Segment Open

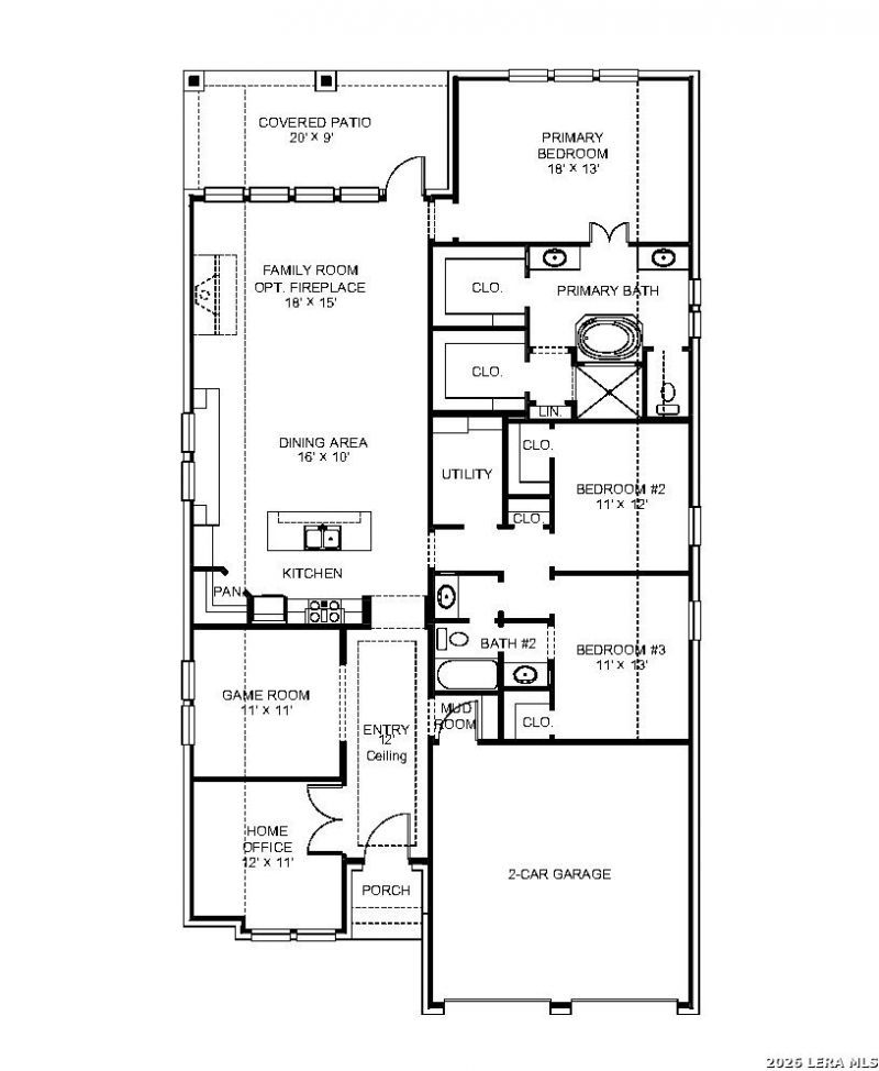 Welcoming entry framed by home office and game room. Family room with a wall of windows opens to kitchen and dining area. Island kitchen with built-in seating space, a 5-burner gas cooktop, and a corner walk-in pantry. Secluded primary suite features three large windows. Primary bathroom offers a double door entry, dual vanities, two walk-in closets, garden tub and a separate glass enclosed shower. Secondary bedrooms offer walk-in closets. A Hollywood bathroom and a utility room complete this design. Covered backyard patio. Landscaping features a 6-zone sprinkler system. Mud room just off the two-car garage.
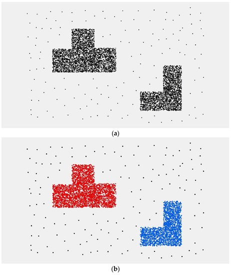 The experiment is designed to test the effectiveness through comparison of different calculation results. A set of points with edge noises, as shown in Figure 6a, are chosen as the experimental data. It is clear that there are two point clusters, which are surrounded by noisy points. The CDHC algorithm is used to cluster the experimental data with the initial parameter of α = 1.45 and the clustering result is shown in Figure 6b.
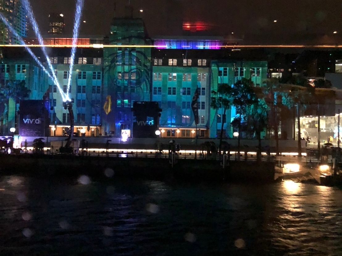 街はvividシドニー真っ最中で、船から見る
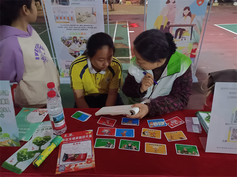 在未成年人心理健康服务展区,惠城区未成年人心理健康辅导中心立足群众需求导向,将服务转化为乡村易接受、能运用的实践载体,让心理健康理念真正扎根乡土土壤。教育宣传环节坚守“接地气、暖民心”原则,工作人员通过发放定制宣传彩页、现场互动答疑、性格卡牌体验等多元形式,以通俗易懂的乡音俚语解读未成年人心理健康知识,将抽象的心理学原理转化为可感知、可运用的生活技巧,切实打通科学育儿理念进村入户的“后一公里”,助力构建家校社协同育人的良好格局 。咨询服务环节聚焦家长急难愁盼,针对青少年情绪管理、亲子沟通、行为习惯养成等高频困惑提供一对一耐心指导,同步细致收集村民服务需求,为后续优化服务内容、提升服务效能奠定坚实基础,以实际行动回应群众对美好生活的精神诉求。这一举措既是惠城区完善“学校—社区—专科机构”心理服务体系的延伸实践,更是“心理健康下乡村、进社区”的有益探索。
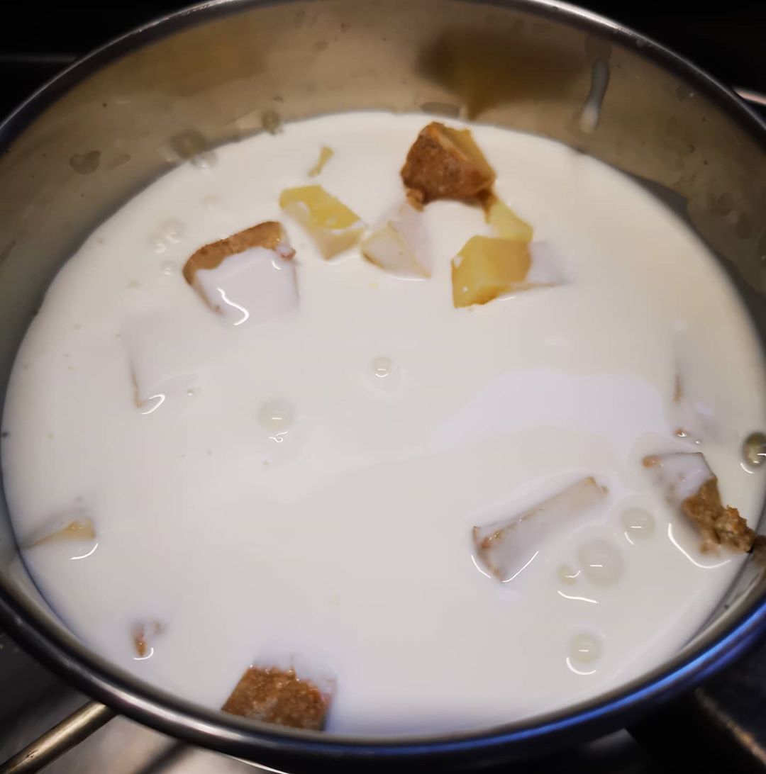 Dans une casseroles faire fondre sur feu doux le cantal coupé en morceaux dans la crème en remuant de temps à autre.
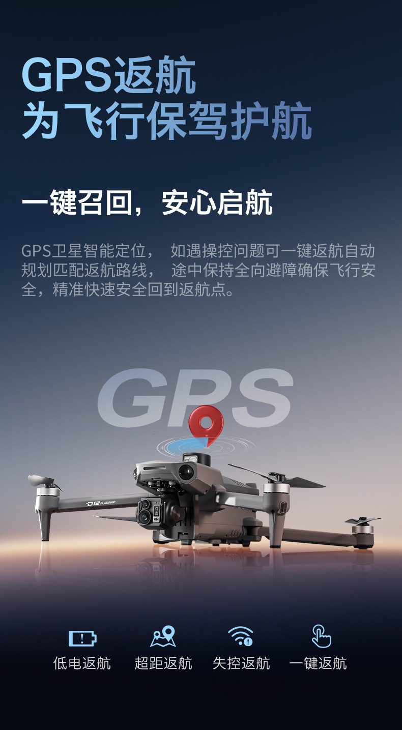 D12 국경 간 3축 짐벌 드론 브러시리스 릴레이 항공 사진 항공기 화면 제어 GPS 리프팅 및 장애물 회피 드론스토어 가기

Segment Closed

Pictures stay out. Everything else in the listing gets printed exactly.

 Welcoming entry framed by home office and game room. Family room with a wall of windows opens to kitchen and dining area. Island kitchen with built-in seating space, a 5-burner gas cooktop, and a corner walk-in pantry. Secluded primary suite features three large windows. Primary bathroom offers a double door entry, dual vanities, two walk-in closets, garden tub and a separate glass enclosed shower. Secondary bedrooms offer walk-in closets. A Hollywood bathroom and a utility room complete this design. Covered backyard patio. Landscaping features a 6-zone sprinkler system. Mud room just off the two-car garage.
 The experiment is designed to test the effectiveness through comparison of different calculation results. A set of points with edge noises, as shown in Figure 6a, are chosen as the experimental data. It is clear that there are two point clusters, which are surrounded by noisy points. The CDHC algorithm is used to cluster the experimental data with the initial parameter of α = 1.45 and the clustering result is shown in Figure 6b.
 街はvividシドニー真っ最中で、船から見る
 在未成年人心理健康服务展区,惠城区未成年人心理健康辅导中心立足群众需求导向,将服务转化为乡村易接受、能运用的实践载体,让心理健康理念真正扎根乡土土壤。教育宣传环节坚守“接地气、暖民心”原则,工作人员通过发放定制宣传彩页、现场互动答疑、性格卡牌体验等多元形式,以通俗易懂的乡音俚语解读未成年人心理健康知识,将抽象的心理学原理转化为可感知、可运用的生活技巧,切实打通科学育儿理念进村入户的“后一公里”,助力构建家校社协同育人的良好格局 。咨询服务环节聚焦家长急难愁盼,针对青少年情绪管理、亲子沟通、行为习惯养成等高频困惑提供一对一耐心指导,同步细致收集村民服务需求,为后续优化服务内容、提升服务效能奠定坚实基础,以实际行动回应群众对美好生活的精神诉求。这一举措既是惠城区完善“学校—社区—专科机构”心理服务体系的延伸实践,更是“心理健康下乡村、进社区”的有益探索。
 Dans une casseroles faire fondre sur feu doux le cantal coupé en morceaux dans la crème en remuant de temps à autre.
 D12 국경 간 3축 짐벌 드론 브러시리스 릴레이 항공 사진 항공기 화면 제어 GPS 리프팅 및 장애물 회피 드론스토어 가기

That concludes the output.